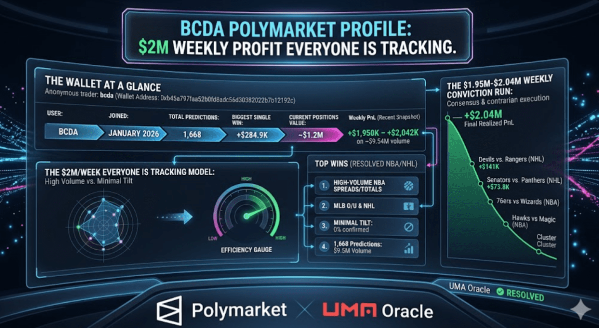 bcda Polymarket: $2M Weekly Profit. 1,668 Predictions. The Volume Machine Running Hot. TL;DR: @bcda joined Polymarket in January 2026 and…
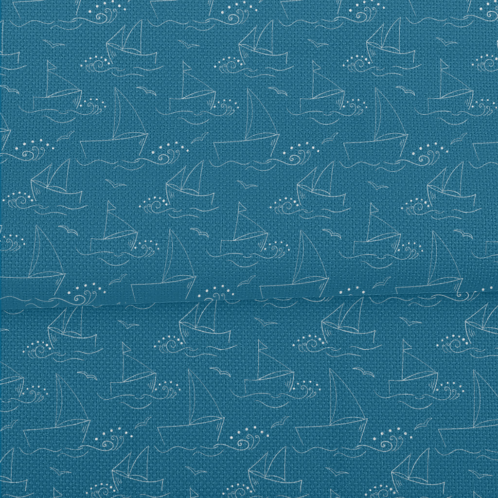 簡約線條帆船與海浪麻布(幅寬150公分)
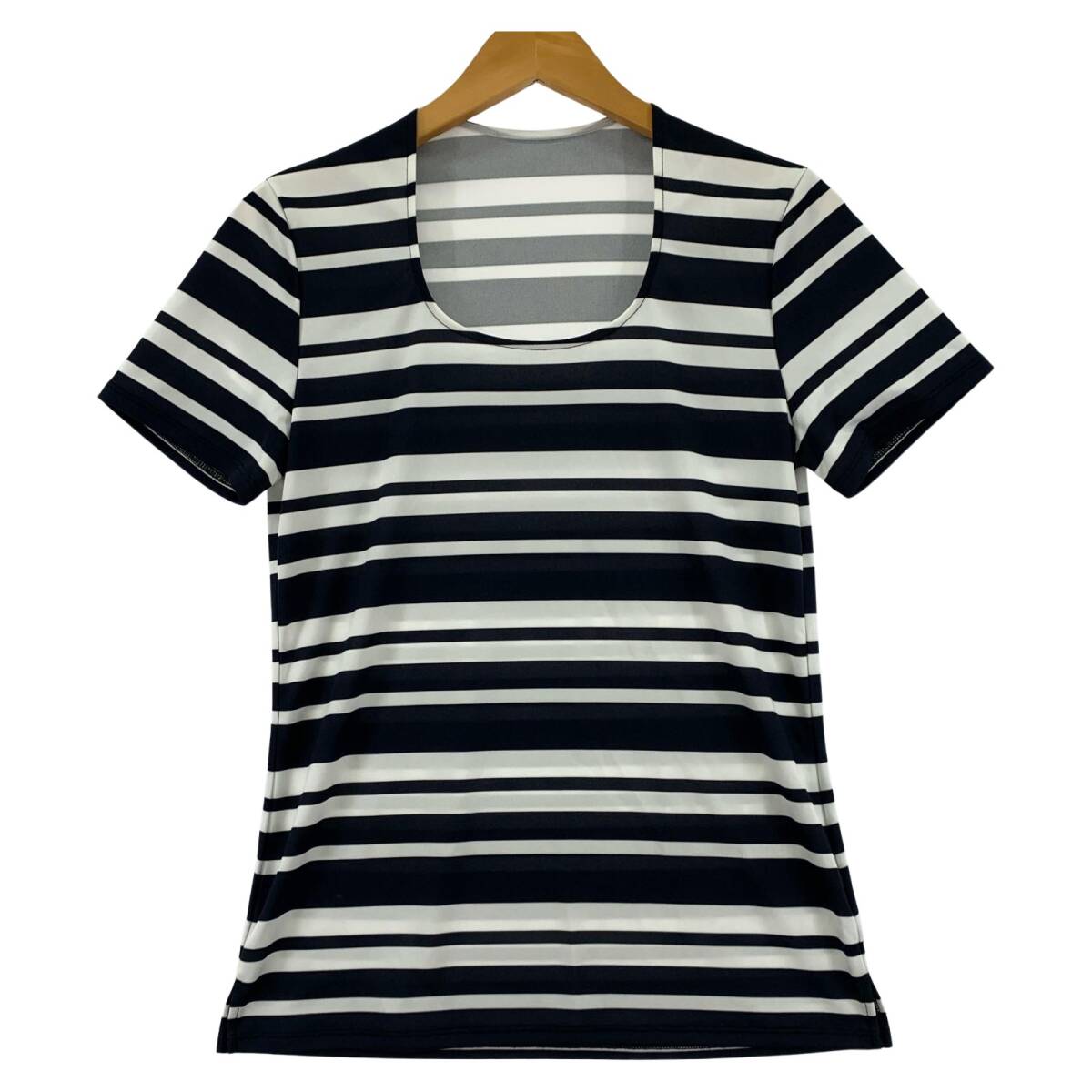 > COUP DE CHANCE クードシャンス ボーダー Uネック 半袖Tシャツ size38/ホワイト×ネイビー ゆうパケットOK

=== PROBLEM STATEMENT ===
The answer should contain all the material above, copied exactly, and no images.

=== THE ANSWER ===
 bcda Polymarket: $2M Weekly Profit. 1,668 Predictions. The Volume Machine Running Hot. TL;DR: @bcda joined Polymarket in January 2026 and…
 簡約線條帆船與海浪麻布(幅寬150公分)
 > COUP DE CHANCE クードシャンス ボーダー Uネック 半袖Tシャツ size38/ホワイト×ネイビー ゆうパケットOK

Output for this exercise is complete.